Our oceans: A deep dive on geopolitics
Event Information
About this event
Join us for this special lecture from Professor John Hannigan, who will explore the geopolitics of our oceans. Featuring contributions from Dr Aurelie Charles and Dr Philippe Blondel.
Speaker biographies
John Hannigan is Professor of Sociology at the University of Toronto Scarborough. His research focuses on environmental issues, the geopolitics of oceans, and urban political economy. He is the author of Environmental Sociology (Routledge,1995, 2006, 2014); translated into Chinese, Japanese, and Portuguese; Fantasy City: Pleasure and Profit in the Postmodern City (Routledge, 1998); Disasters Without Borders: The International Politics of Natural Disasters (Polity Press, 2012); The Geopolitics of Deep Oceans (Polity Press 2015); The SAGE Handbook of New Urban Studies (2017), co-edited with Greg Richard; and Rise of the Spectacular: America in the 1950s (Routledge, 2021). In his current research project, “Flammable ice”: Environmental Risk at the Frontier of Unconventional Energy Production", he explores the scientific construction of risk linked to offshore methane hydrate extraction.

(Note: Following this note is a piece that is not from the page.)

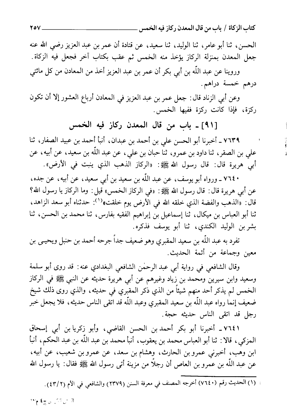 7640 - وَرَوَاهُ أَبُو يُوسُفَ عَنْ عَبْدِ اللهِ بْنِ سَعِيدِ بْنِ أَبِي سَعِيدٍ، عَنْ أَبِيهِ، عَنْ جَدِّهِ، عَنْ أَبِي هُرَيْرَةَ قَالَ: قَالَ رَسُولُ اللهِ صَلَّى اللهُ عَلَيْهِ وَسَلَّمَ: " §فِي الرِّكَازِ الْخُمُسُ " , قِيلَ: وَمَا الرِّكَازُ يَا رَسُولَ اللهِ؟ قَالَ: " الذَّهَبُ وَالْفِضَّةُ الَّذِي خَلَقَهُ اللهُ فِي الْأَرْضِ يَوْمَ خُلِقَتْ "، حَدَّثَنَاهُ أَبُو سَعْدٍ الزَّاهِدُ , ثنا أَبُو الْعَبَّاسِ بْنُ مِيكَالٍ , ثنا إِسْمَاعِيلُ بْنُ إِبْرَاهِيمَ الْفَقِيهُ بِفَارِسَ , ثنا مُحَمَّدُ بْنُ الْحَسَنِ , ثنا بِشْرُ بْنُ الْوَلِيدِ الْكِنْدِيُّ، ثنا أَبُو يُوسُفَ فَذَكَرَهُ، تَفَرَّدَ بِهِ عَبْدُ اللهِ بْنُ سَعِيدٍ الْمَقْبُرِيُّ وَهُوَ ضَعِيفٌ جِدًّا جَرَّحَهُ أَحْمَدُ بْنُ حَنْبَلٍ وَيَحْيَى بْنُ مَعِينٍ وَجَمَاعَةٌ مِنْ أَئِمَّةِ الْحَدِيثِ. وَقَالَ الشَّافِعِيُّ فِي رِوَايَةِ أَبِي عَبْدِ الرَّحْمَنِ الشَّافِعِيِّ الْبَغْدَادِيِّ عَنْهُ: قَدْ رَوَى أَبُو سَلَمَةَ وَسَعِيدٌ وَابْنُ سِيرِينَ وَمُحَمَّدُ بْنُ زِيَادٍ وَغَيْرُهُمْ عَنْ أَبِي هُرَيْرَةَ حَدِيثَهُ عَنِ النَّبِيِّ صَلَّى اللهُ عَلَيْهِ وَسَلَّمَ فِي الرِّكَازِ الْخُمُسُ لَمْ يَذْكُرَ أَحَدٌ مِنْهُمْ شَيْئًا مِنَ الَّذِي ذَكَرَ الْمَقْبُرِيُّ فِي حَدِيثِهِ وَالَّذِي رَوَى ذَلِكَ شَيْخٌ ضَعِيفٌ إِنَّمَا رَوَاهُ عَبْدُ اللهِ بْنُ سَعِيدٍ الْمَقْبُرِيُّ , وَعَبْدُ اللهِ قَدِ اتَّقَى النَّاسُ حَدِيثَهُ فَلَا يَجْعَلُ خَبَرَ رَجُلٍ قَدِ اتَّقَى النَّاسُ حَدِيثَهُ حُجَّةً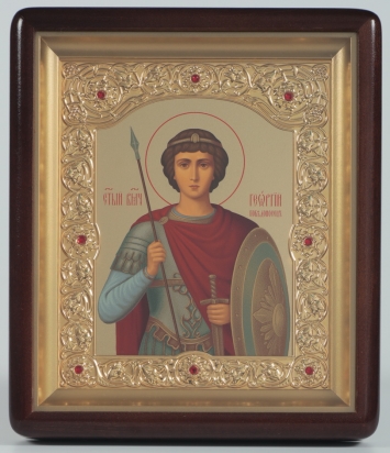 Икона в киоте 18х24 фигурный, темпера №8, рамка фигурная, золочёная Георгий Победоносец 1

Aurelie Charles is a Senior Lecturer in Global Sustainability in the Department of Social and Policy Sciences at the University of Bath, with particular expertise on group behaviour in socio-ecological interactions. Her current research projects evolve around sustainable earnings, group inequality mapping, and cross-disciplinary approaches to climate justice.
Philippe Blondel is a Senior Lecturer in the Department of Physics and Co-founder and Deputy Director of the Centre for Space, Atmospheric and Oceanic Science (CSAOS) at the University of Bath. His research interests include marine acoustics; seabed and habitat mapping; marine renewable energies; and noise pollution.
This event will be chaired by Professor of Public Policy and Director of the Institute for Policy Research (IPR), Professor Nick Pearce.
This event is part of 'Our oceans: A deep dive' - a public event series seeking to explore the world’s oceans and what climate change, maritime trade and strategic conflict mean for their future.